What is expected » The answer is the line with "安徽省毛钽厂实验中学2024" and every line after it to the end of the listing, retyped exactly. Pictures do not belong in it.

Data segment »

§ §

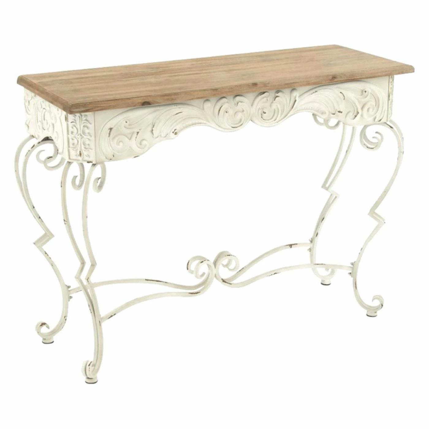 Intricate scrollwork enhances the traditional elegance of the DecMode 42 in. Metal Console Table. This beautiful console table showcases the natural beauty of the fir tabletop.
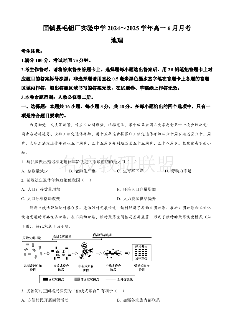 安徽省毛钽厂实验中学2024-2025学年高一下学期6月月考 地理试题(含答案).pdf
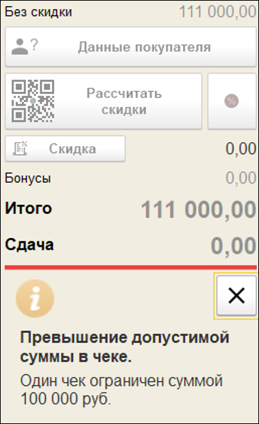 - Лимит количества строк в чеке - общее количество позиций в чеке не должно превышать указанного лимита в виде контроля.

§ §

Response to this task »
 安徽省毛钽厂实验中学2024-2025学年高一下学期6月月考 地理试题(含答案).pdf
 - Лимит количества строк в чеке - общее количество позиций в чеке не должно превышать указанного лимита в виде контроля.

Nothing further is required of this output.